Sir Roger Singleton writes…

Last month I recounted the Home Office’s repeated failures to reply to my letters, including one to Sir Roger Singleton of the Independent Safeguarding Authority which was passed on to them and was about the ISA’s procedures:

[I am concerned by] Paragraph 5.6.1 of “Guidance Notes for Barring Decision Marking Process”, which states in part:

“even where a jury has found someone not guilty of having done something, you must always remember that, at most, this means is that the court did not find that someone did something “beyond a reasonable doubt” (the criminal standard of proof).”

My concern is simply this. When a jury acquits it may do so for all sorts of reasons. One may be that it thinks someone was probably guilty, but not “beyond a reasonable doubt”. But another is that it has decided that there is no credible evidence at all for the case.

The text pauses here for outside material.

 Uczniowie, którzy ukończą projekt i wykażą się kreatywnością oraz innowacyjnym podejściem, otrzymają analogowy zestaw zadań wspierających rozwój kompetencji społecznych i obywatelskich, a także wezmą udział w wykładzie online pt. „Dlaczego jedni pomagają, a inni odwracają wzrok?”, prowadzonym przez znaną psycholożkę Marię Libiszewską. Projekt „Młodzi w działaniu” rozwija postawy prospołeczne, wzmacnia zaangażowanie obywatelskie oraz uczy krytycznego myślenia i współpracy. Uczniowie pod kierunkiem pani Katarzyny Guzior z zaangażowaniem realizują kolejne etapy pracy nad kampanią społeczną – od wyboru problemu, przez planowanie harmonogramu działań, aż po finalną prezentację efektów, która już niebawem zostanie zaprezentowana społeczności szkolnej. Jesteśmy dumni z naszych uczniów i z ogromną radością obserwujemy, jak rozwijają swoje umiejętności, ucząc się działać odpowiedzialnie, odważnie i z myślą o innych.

Imagine the situation where you have been framed for a criminal act, but the truth comes out in court, the jury is completely convinced that you are innocent and you are acquitted. Can you really, hand on heart, say that in such circumstances you would be quite happy for someone to say that all your acquittal means is that “at most all the court has done is decide you didn’t do it beyond a reasonable doubt”.

Wouldn’t you feel that use of “at most” greatly underplays how you have in fact been fully acquitted, without any doubts?

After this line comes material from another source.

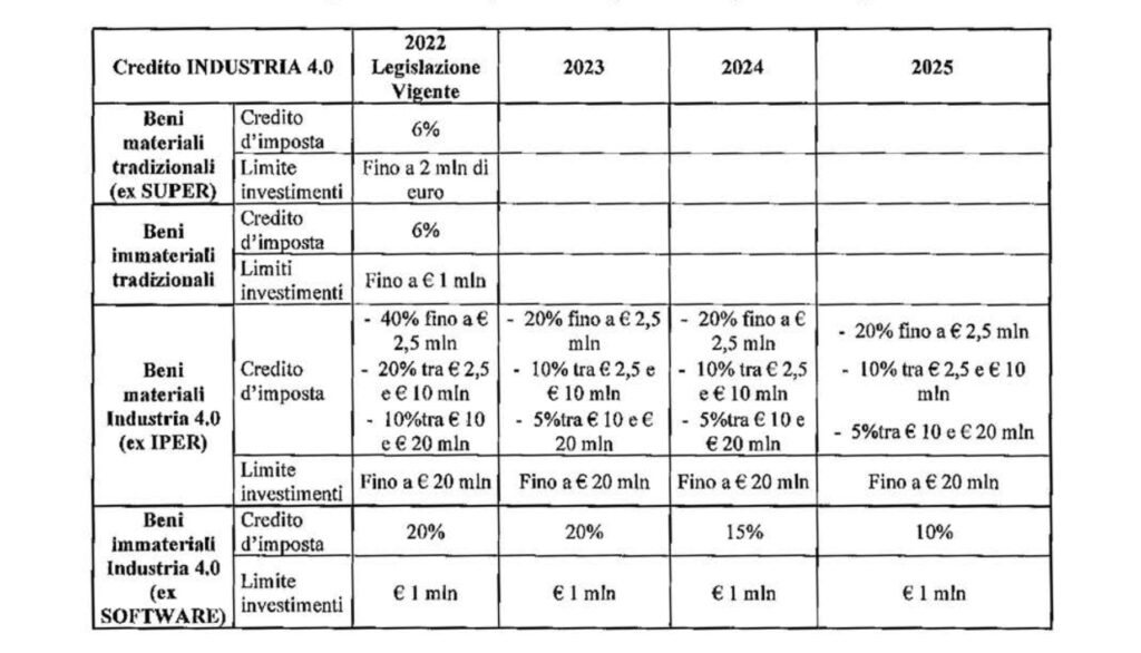 “1057-bis. Alle imprese che effettuano investimenti in beni strumentali nuovi indicati nell’allegato A annesso alla legge 11 dicembre 2016, n. 232, a decorrere dal 1° gennaio 2023 e fino al 31 dicembre 2025, ovvero entro il 30 giugno 2026, a condizione che entro la data del 31 dicembre 2025 il relativo ordine risulti accettato dal venditore e sia avvenuto il pagamento di acconti in misura almeno pari al 20 per cento del costo di acquisizione, il credito d’imposta è riconosciuto nella misura del 20 per cento del costo, per la quota di investimenti fino a 2,5 milioni di euro, nella misura del 10 per cento del costo, per la quota di investimenti superiori a 2,5 milioni di euro e fino a 10 milioni di euro, e nella misura del 5 per cento del costo, per la quota di investimenti superiori a 10 milioni di euro e fino al limite massimo di costi complessivamente ammissibili pari a 20 milioni di euro”.

Sometimes people are wrongly charged and fully, without doubt, acquitted. It is a shame that your guidance is so reluctant to admit that.

Fair dos, the ISA spotted my post, is taking up the correspondence issue with the Home Office and (most importantly) sent me the following response from Sir Roger. It sounds promising about the ISA’s future attitudes towards innocence meaning innocence:

Can I firstly personally apologise for the delay in replying to your email. I am conscious that the ‘why and wherefores’ of the reasons for the delay will be of no interest to you suffice to say that as soon as I became aware of your concerns I have replied.

I think you raise a very valid point and thank you for doing so. The thinking behind our approach to court findings is to ensure where appropriate we consider ‘acquittals’ that may in fact have occurred when (for example) a vulnerable witness finds themselves unable or unwilling to give evidence in court. This is not an unusual occurrence for victims of the types of abuse that the ISA deals with and we think it right that in such cases we should at least consider the evidence available to the prosecution.

Equally, I cannot imagine circumstances where the ISA would take a different view to the court in the circumstances you describe. The court in such circumstance has been unequivocal on their finding of innocence.

In addition, I am sure you are aware that if we are ever considering barring a person then (by law) we have to share with them all the information on which we rely in order that they can make comment.

A decision to treat an acquittal differently (to that of the court) would only be taken in very limited circumstances and always only after the case had been reviewed internally and at a senior level.

I take the point entirely about the wording in our caseworker guidance. We are currently reviewing sections of the guidance and I will ensure that your comments are ‘fed into’ that process.

I am grateful for you taking the time to contact me and am pleased that our decision to publicise our guidance notes is also helping us to ‘fine tune’ them.

There’s no doubt that the big issues around the ISA’s existence and method of operation are beyond the reach of an individual letter from A.N.Other member of the public, but as regular readers will know this is by no means the first time when a missive targeting an important matter of specific detail looks to have hit the mark.